Recent advances in Multimodal Large Language Models (MLLMs) have created new opportunities for facial expression recognition (FER), moving it beyond pure label prediction toward reasoning-based affect understanding. However, existing MLLM-based FER methods still follow a passive paradigm: they rely on externally prepared facial inputs and perform single-pass reasoning over fixed visual evidence, without the capability for active facial perception. To address this limitation, we propose ActFER, an agentic framework that reformulates FER as active visual evidence acquisition followed by multimodal reasoning. Specifically, ActFER dynamically invokes tools for face detection and alignment, selectively zooms into informative local regions, and reasons over facial Action Units (AUs) and emotions through a visual Chain-of-Thought. To realize such behavior, we further develop Utility-Calibrated GRPO (UC-GRPO), a reinforcement learning algorithm tailored to agentic FER. UC-GRPO uses AU-grounded multi-level verifiable rewards to densify supervision, query-conditional contrastive utility estimation to enable sample-aware dynamic credit assignment for local inspection, and emotion-aware EMA calibration to reduce noisy utility estimates while capturing emotion-wise inspection tendencies. This algorithm enables ActFER to learn both when local inspection is beneficial and how to reason over the acquired evidence. Comprehensive experiments show that ActFER trained with UC-GRPO consistently outperforms passive MLLM-based FER baselines and substantially improves AU prediction accuracy.

CVMay 11, 2025
MELLM: Exploring LLM-Powered Micro-Expression Understanding Enhanced by Subtle Motion Perception

Sirui Zhao, Zhengye Zhang, Shifeng Liu et al.

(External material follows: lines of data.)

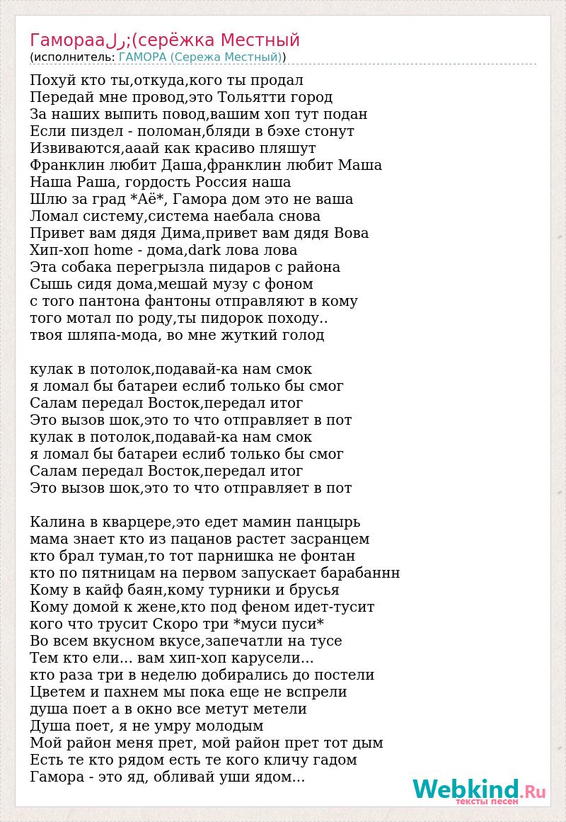 Похуй кто ты,откуда,кого ты продал Передай мне провод,это Тольятти город За наших выпить повод,вашим хоп тут подан Если пиздел - поломан,бляди в бэхе стонут Извиваются,ааай как красиво пляшут Франклин любит Даша,франклин любит Маша Наша Раша, гордость Россия наша Шлю за град *Аё*, Гамора дом это не ваша Ломал систему,система наебала снова Привет вам дядя Дима,привет вам дядя Вова Хип-хоп homе - дома,dark лова лова Эта собака перегрызла пидаров с района Сышь сидя дома,мешай музу с фоном с того пантона фантоны отправляют в кому того мотал по роду,ты пидорок походу.. твоя шляпа-мода, во мне жуткий голод кулак в потолок,подавай-ка нам смок я ломал бы батареи еслиб только бы смог Салам передал Восток,передал итог Это вызов шок,это то что отправляет в пот кулак в потолок,подавай-ка нам смок я ломал бы батареи еслиб только бы смог Салам передал Восток,передал итог Это вызов шок,это то что отправляет в пот Калина в кварцере,это едет мамин панцырь мама знает кто из пацанов растет засранцем кто брал туман,то тот парнишка не фонтан кто по пятницам на первом запускает барабаннн Кому в кайф баян,кому турники и брусья Кому домой к жене,кто под феном идет-тусит кого что трусит Скоро три *муси пуси* Во всем вкусном вкусе,запечатли на тусе Тем кто ели... вам хип-хоп карусели... кто раза три в неделю добирались до постели Цветем и пахнем мы пока еще не вспрели душа поет а в окно все метут метели Душа поет, я не умру молодым Мой район меня прет, мой район прет тот дым Есть те кто рядом есть те кого кличу гадом Гамора - это яд, обливай уши ядом...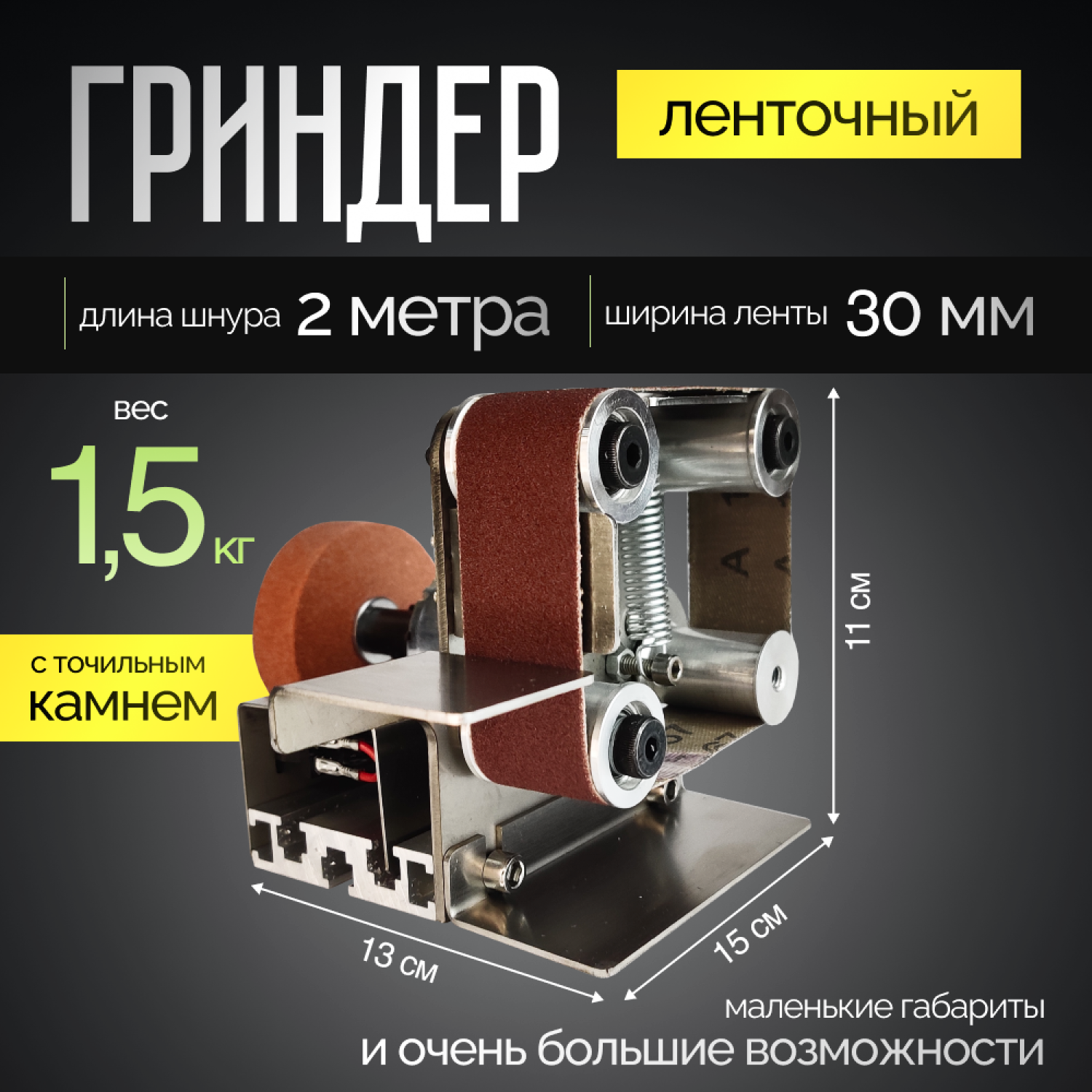 Купить Мини-гриндер ленточный с точильным камнем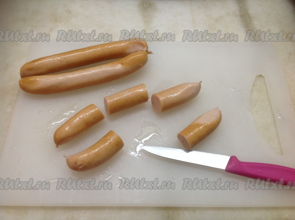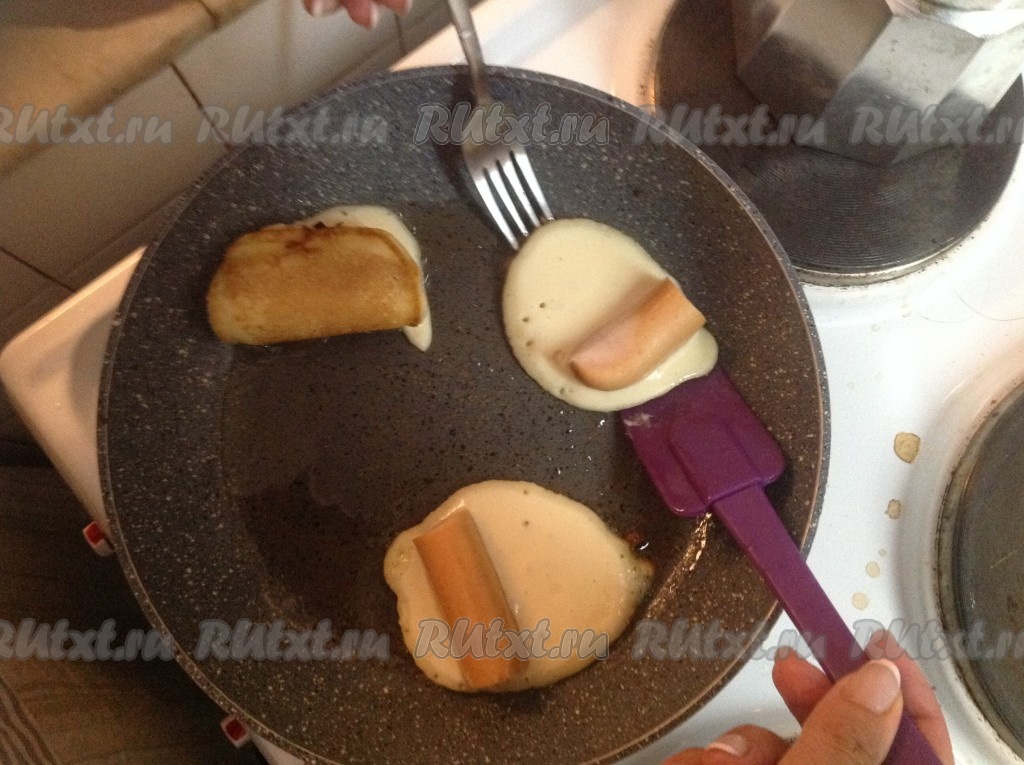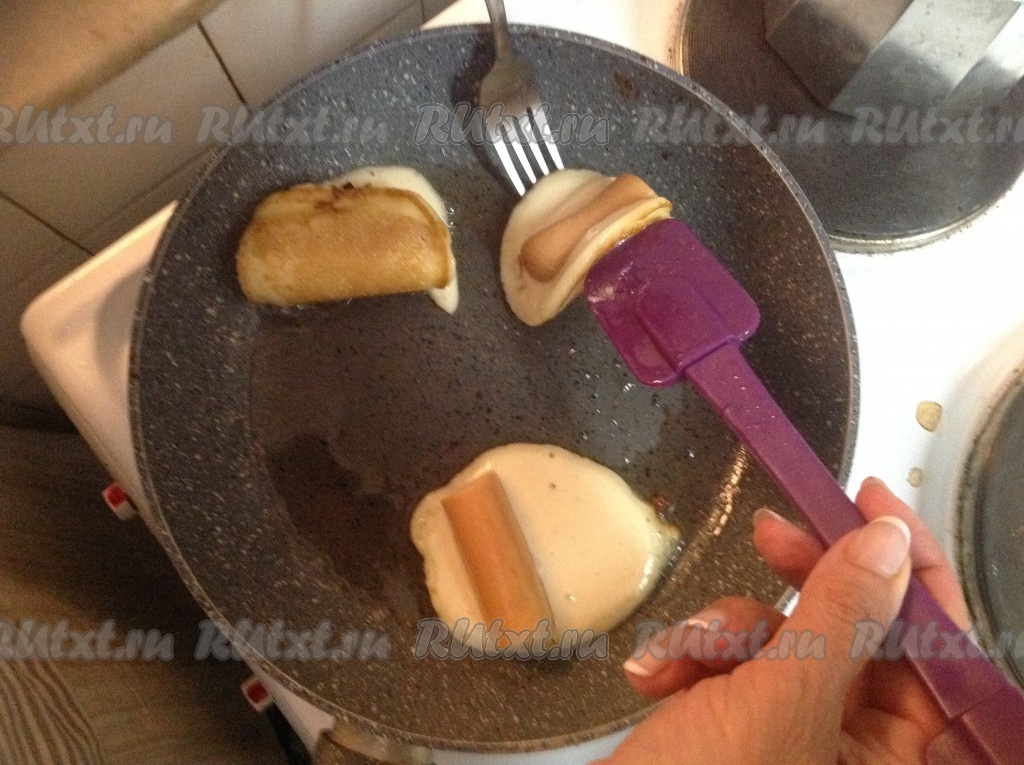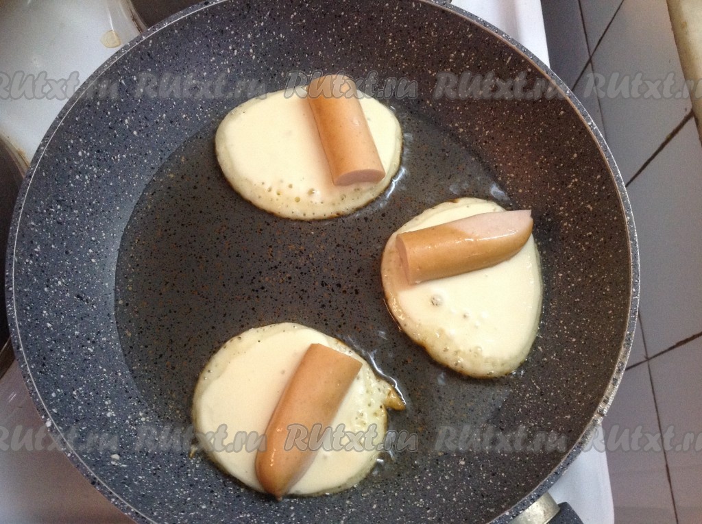 На каждый кружок теста положить кусочек сосиски немного ближе к одному краю. Тем временем оладушки начнут поджариваться с одной стороны.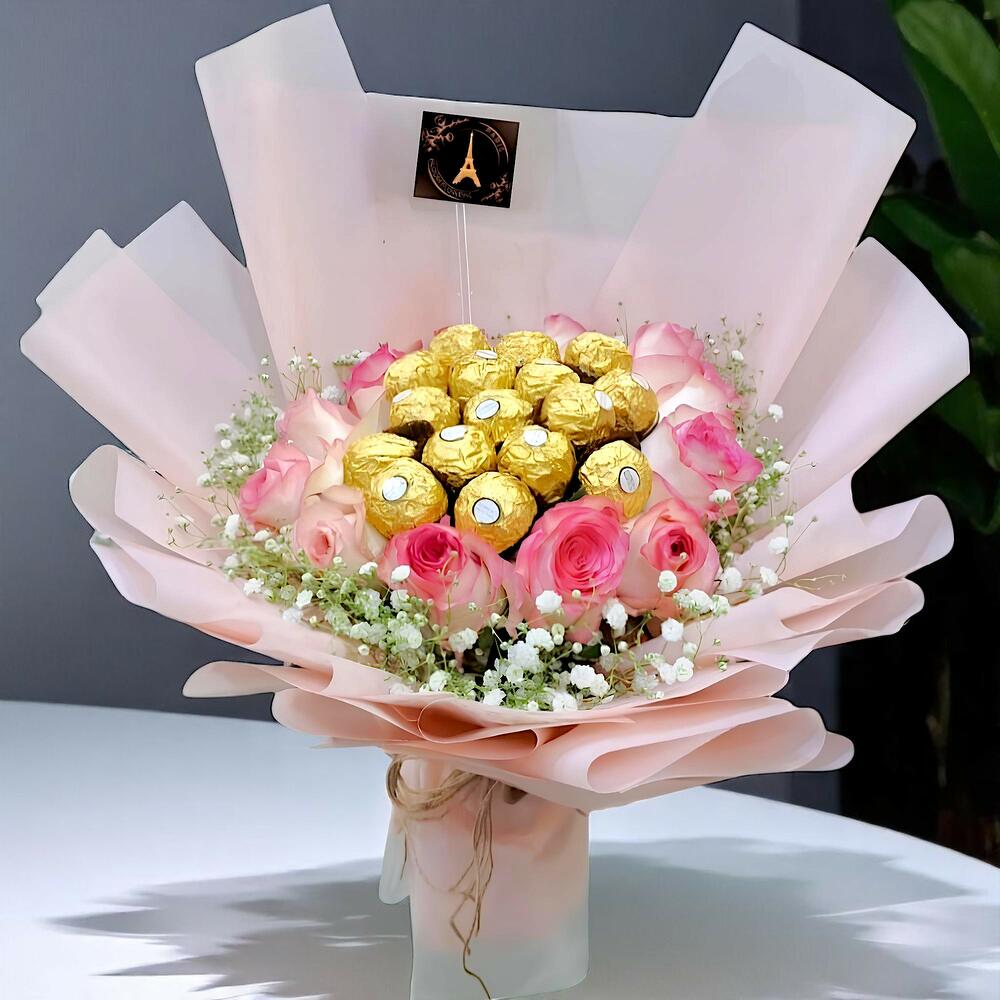 Ferrero rocher - 19 pce Pink rose - 18 pce Gypsophila - 7 pce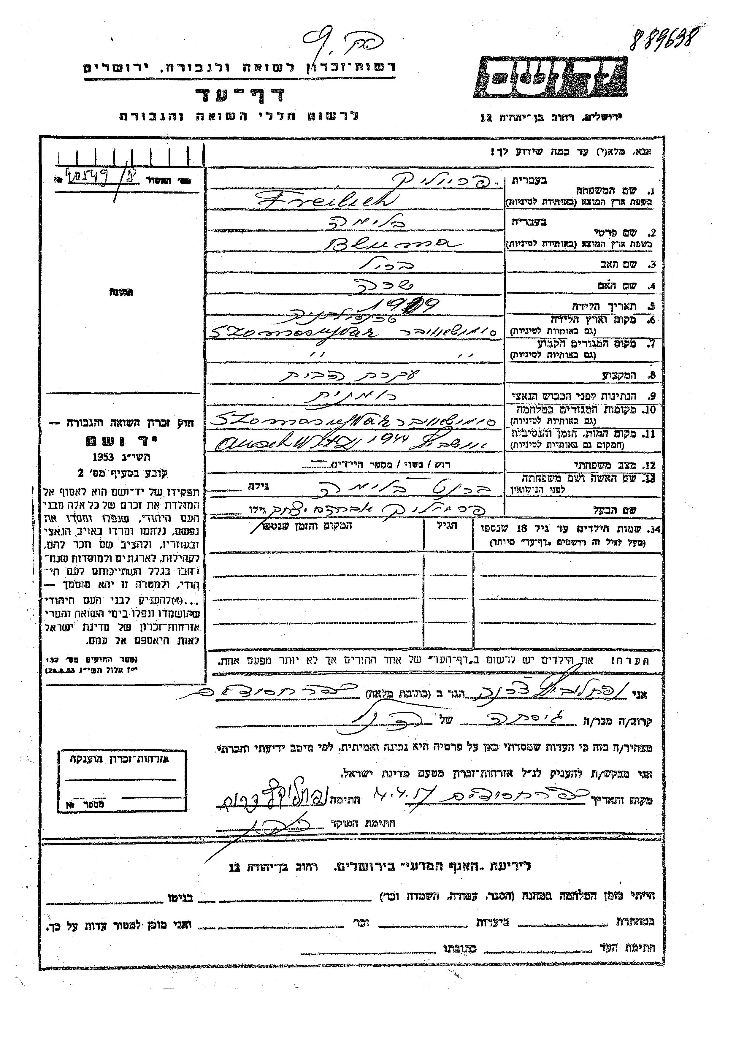Фрайлих Блима 1909 Самошуйвар, Румыния Лист свидетельских показаний

Micro-expressions (MEs), brief and low-intensity facial movements revealing concealed emotions, are crucial for affective computing. Despite notable progress in ME recognition, existing methods are largely confined to discrete emotion classification, lacking the capacity for comprehensive ME Understanding (MEU), particularly in interpreting subtle facial dynamics and underlying emotional cues. While Multimodal Large Language Models (MLLMs) offer potential for MEU with their advanced reasoning abilities, they still struggle to perceive such subtle facial affective behaviors. To bridge this gap, we propose a ME Large Language Model (MELLM) that integrates optical flow-based sensitivity to subtle facial motions with the powerful inference ability of LLMs. Specifically, an iterative, warping-based optical-flow estimator, named MEFlowNet, is introduced to precisely capture facial micro-movements. For its training and evaluation, we construct MEFlowDataset, a large-scale optical-flow dataset with 54,611 onset-apex image pairs spanning diverse identities and subtle facial motions. Subsequently, we design a Flow-Guided Micro-Expression Understanding paradigm. Under this framework, the optical flow signals extracted by MEFlowNet are leveraged to build MEU-Instruct, an instruction-tuning dataset for MEU. MELLM is then fine-tuned on MEU-Instruct, enabling it to translate subtle motion patterns into human-readable descriptions and generate corresponding emotional inferences. Experiments demonstrate that MEFlowNet significantly outperforms existing optical flow methods in facial and ME-flow estimation, while MELLM achieves state-of-the-art accuracy and generalization across multiple ME benchmarks. To the best of our knowledge, this work presents two key contributions: MEFlowNet as the first dedicated ME flow estimator, and MELLM as the first LLM tailored for MEU.